[Date Prev][Date Next][Thread Prev][Thread Next][Date Index][Thread Index]
bug#33729: 27.0.50; Partial glyphs not rendered for Gujarati with Harfbu
bug#33729: 27.0.50; Partial glyphs not rendered for Gujarati with Harfbuzz enabled (renders fine using m17n)
Sun, 06 Jan 2019 18:03:55 +0200
> Date: Sat, 5 Jan 2019 23:15:14 +0200
> From: Khaled Hosny <address@hidden>
> Cc: address@hidden, address@hidden, address@hidden,
> address@hidden, address@hidden
> > > The built-in HarfBuzz code is for getting the script for a given
> > > character, but resolving characters with Common script is left to the
> > > client. Suppose you have this string (upper case for RTL) ABC 123 DEF,
> > > what HarfBuzz sees during shaping is three separate chunks of text ABC,
> > > 123, DEF. The 123 part is all Common script characters and thus
> > > hb_buffer_guess_segment_properties won’t be able to guess anything (and
> > > based on the font and the script, this can cause rendering differences).
> > > Emacs will have to resolve the script of Common characters before
> > > applying bidi algorithm and pass that down to HarfBuzz.
> > I'm not sure I understand: why does HarfBuzz care that 123 was in the
> > middle if RTL text.
> It doesn’t. What it cares about here is the correct script. Because 123
> are in the middle of RTL text they will be shaped separately, and thus
> hb_buffer_guess_segment_properties() will only see 123 and won’t to be
> able to guess the correct script for them (Arabic, Hebrew, etc.,
> whatever the script for the surrounding RTL text is).
That's what I was asking: why it's important for HarfBuzz to know that
123 should be shaped for the Arabic script?
> Depending on the font, the digits might be shaped differently if the
> script is, say Arabic, by e.g. applying script-specific substitutions to
> forms more suitable for a given script.
I guess this is what I'm missing, then: these script-specific
substitutions. Can you elaborate on that, or point to some place
where these substitutions are described in detail?
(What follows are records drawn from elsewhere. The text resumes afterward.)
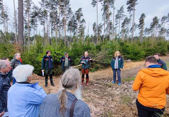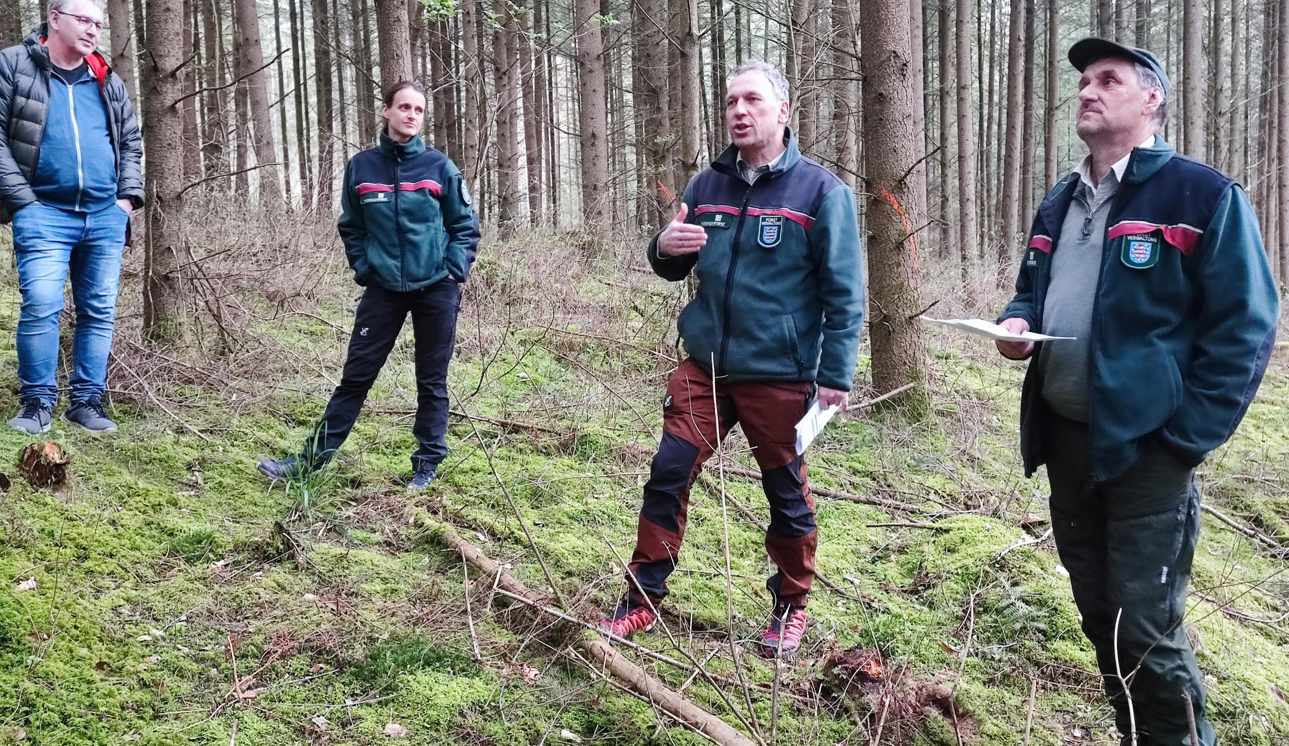 Um die geplante Forsteinrichtung nun an praktischen Beispielen zu erläutern, ging es im Anschluss zur Exkursion in verschiedene gemeindliche Waldstücke.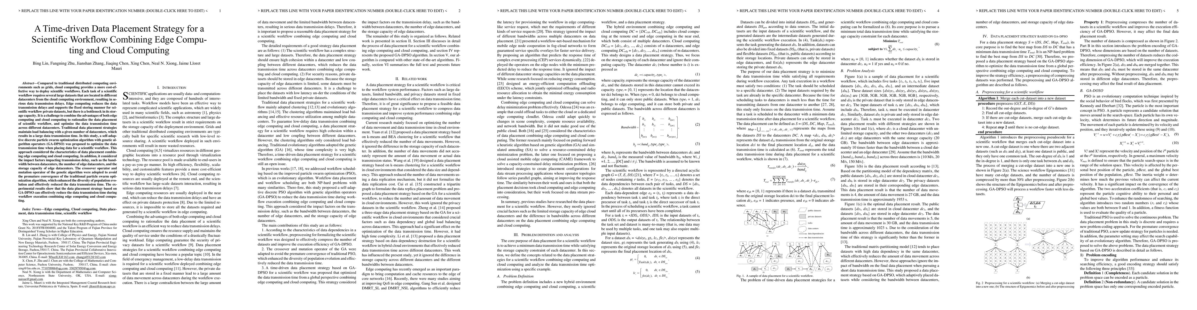This paper proposes a self-adaptive GA-DPSO algorithm to optimize data placement for scientific workflows by combining edge computing and cloud computing, aiming to reduce data transmission delays. The approach considers bandwidth, edge datacenter numbers, and storage capacities, using genetic operators to enhance optimization and reduce transmission time. Experimental results show significant improvements in data transmission efficiency.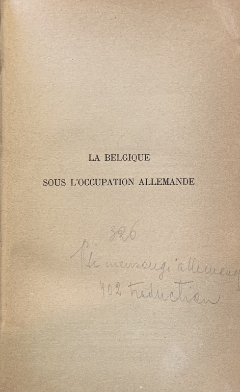 LA BELGIQUE SOUS L' OCCUPATION ALLEMANDE. MEMOIRES DU MINISTRE D' AMERIQUE A BRUXELLES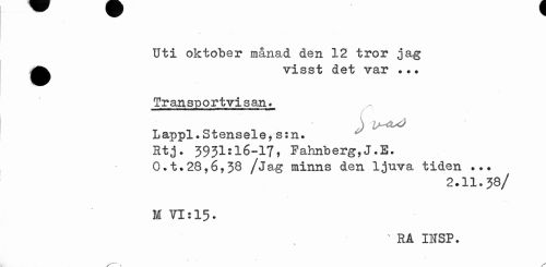 //// Uti oktober månad den 12 tror jag ^^ visst det var ... //// Transportvisan. //// ) y^eu) //// Lappl.Stensele, s:n. //// Rtj. 3931:16-17, Fahnberg,J.E. //// 0.t.28,6,38 /Jag minns den ljuva tiden ... //// 2.11.38/ //// M TI:15. //// ' RA INSP. ////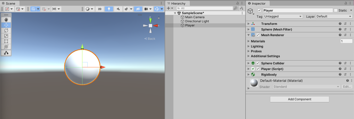 구를 생성하여 Player로 지정해주고, 할당 스크립트와 Rigidbody 컴포넌트를 추가합니다
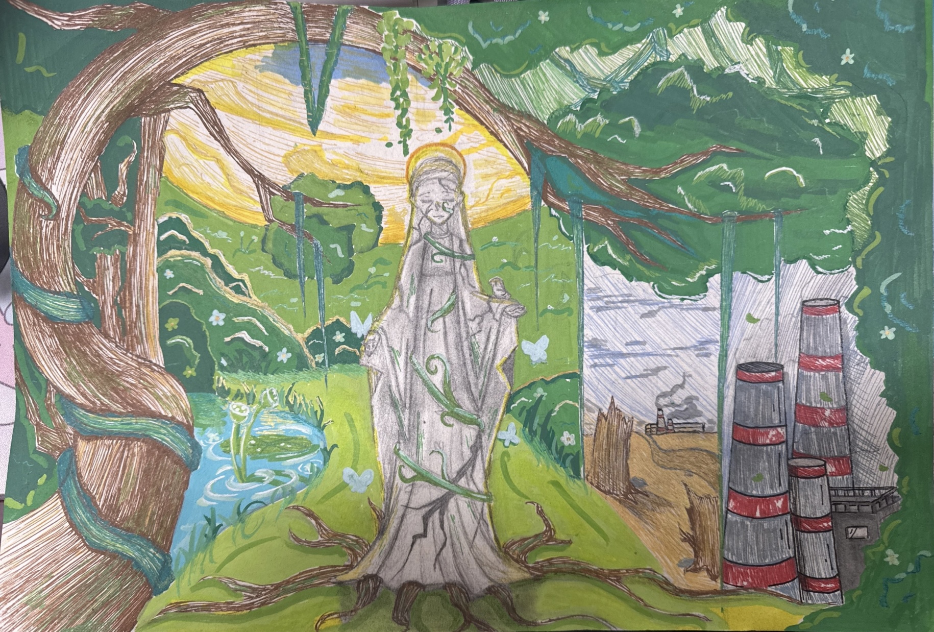 当敦煌壁画的飞天与风蚀岩石的对视,当故宫脊兽的剪影撞见冰川消融的泪痕,人类文明史册的每一次书写,都是向自然索要的墨汁。 人类科技的发展速度远远高于大自然的修复速度,虽然人类每一刻都在宣读保护自然的口号,可真正行动却微乎其微。 我们并不是地球真正的主人,每一滴归还自然的清源方能汇成人类救赎的湖泊。所以为了子孙千秋万代,让我们行动起来,成为大自然的保护者!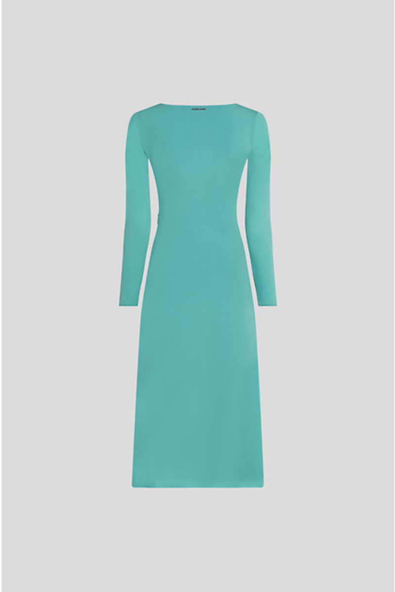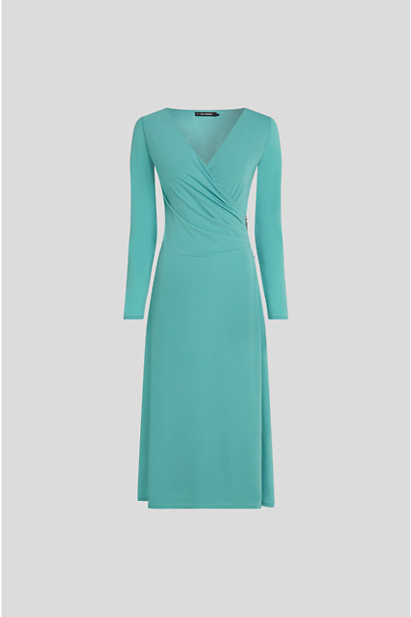 Exkluzivní dámské šaty s dlouhými rukávy a výstřihem do V. Rovný střih se zavinovací siluetou a rafinovaným řasením vpředu pro dokonalé zvýraznění ženské siluety. Sukně v délce do půlky lýtek. Splývavé, příjemně měkké materiálové složení prémiového původu zaručuje dokonalou vzdušnost a velmi příjemný pocit během nošení. Ležérně-elegantní kousek, který je vhodný téměř na jakoukoliv společenskou událost a ve kterém vynikne váš ženský šarm a půvab.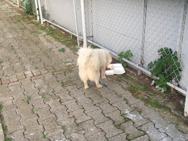 Futbolcular ile sahada uzun süre oynayan köpeğin aç olduğu fark edilince kendisine yemek verildi.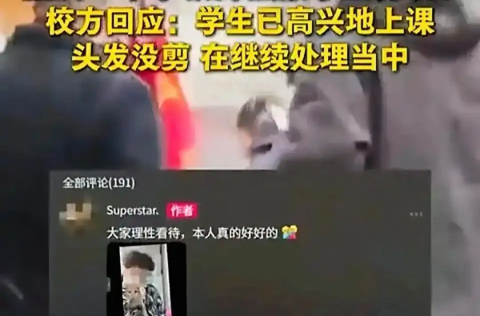 听说最新进展是:学校说,孩子已经高兴地回来上课;涉事孩子说,头发没有剪。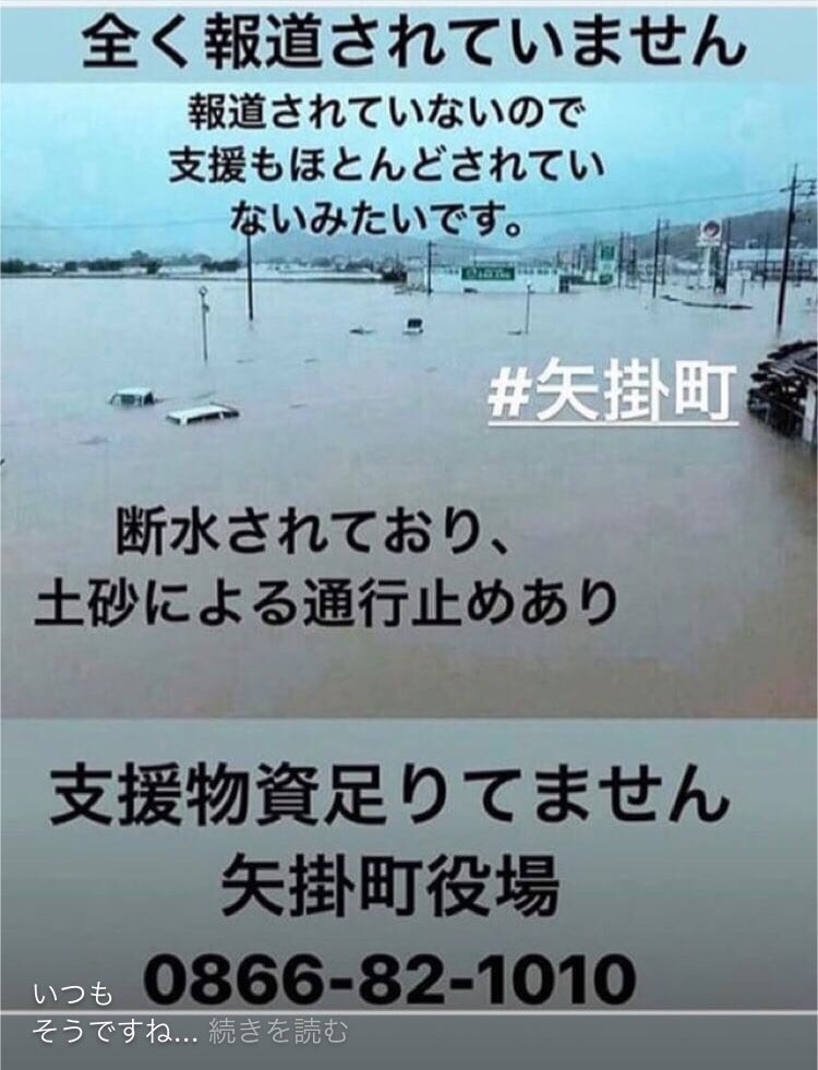 昨日テレビ朝日でも報道はされたようですが、SOSの通知が来ました。 シェアならびに支援お願いします 大きな浸水被害になった岡山県倉敷市に隣接する岡山県矢掛町では、小田川の堤防3カ所が決壊し、約600軒の住宅に浸水の被害が出ました。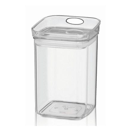 • material: plastika – zrakotesno zapiranje zagotavlja dolgotrajno svežino – možnost zlaganja – idealno za shranjevanje v kuhinji, na policah ali v hladilniku – mere: 10,5 × 10,5 cm – višina: 15,5 cm – prostornina: 0,8 l – 8 različnih modelov in velikosti v seriji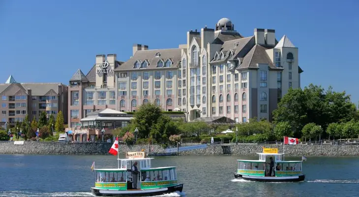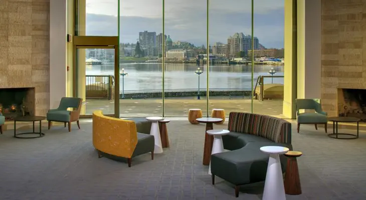 “Modern hotel with spectacular lobby boasting floor-to-ceiling windows overlooking Victoria’s famous Inner Harbour with only the boardwalk between the hotel and the water’s edge.”

> > (In general, AFAIK simple characters like 123 will not even go through
> > HarfBuzz, as Emacs doesn't call the shaper for characters whose entry
> > in composition-function-table is nil. So I guess 123 here should
> > stand for some other characters, not for literal digits? IOW, I don't
> > think I understand the example very well.)
> This is a bug then and needs to be fixed. All text should go through
> HarfBuzz since even so-called “simple” character often require shaping
> depending on the text and the font. If this is done for optimization,
> then it should be revised to see if shaping with HarfBuzz is actually
> significantly slower and if it is, find more proper ways to optimize it.
(Adding Handa-san to the discussion, in the hope that he could comment
on the issue.)
I think running all text through a shaper might be prohibitively
expensive, because the shaper is called through Lisp code (see
composite.el), and we decide which chunk of text to pass to the shaper
using regexp search. See the various files under lisp/language/ which
set up portions of composition-function-table as appropriate for each
language that needs it.
So I think we should identify all the cases where "simple" characters
surrounded by, or adjacent to, "non-simple" ones need to be passed to
a shaper, and add the necessary regular expressions to the data
structures in lisp/languages/. Can you describe these cases, or point
me to a place where I can find the relevant info?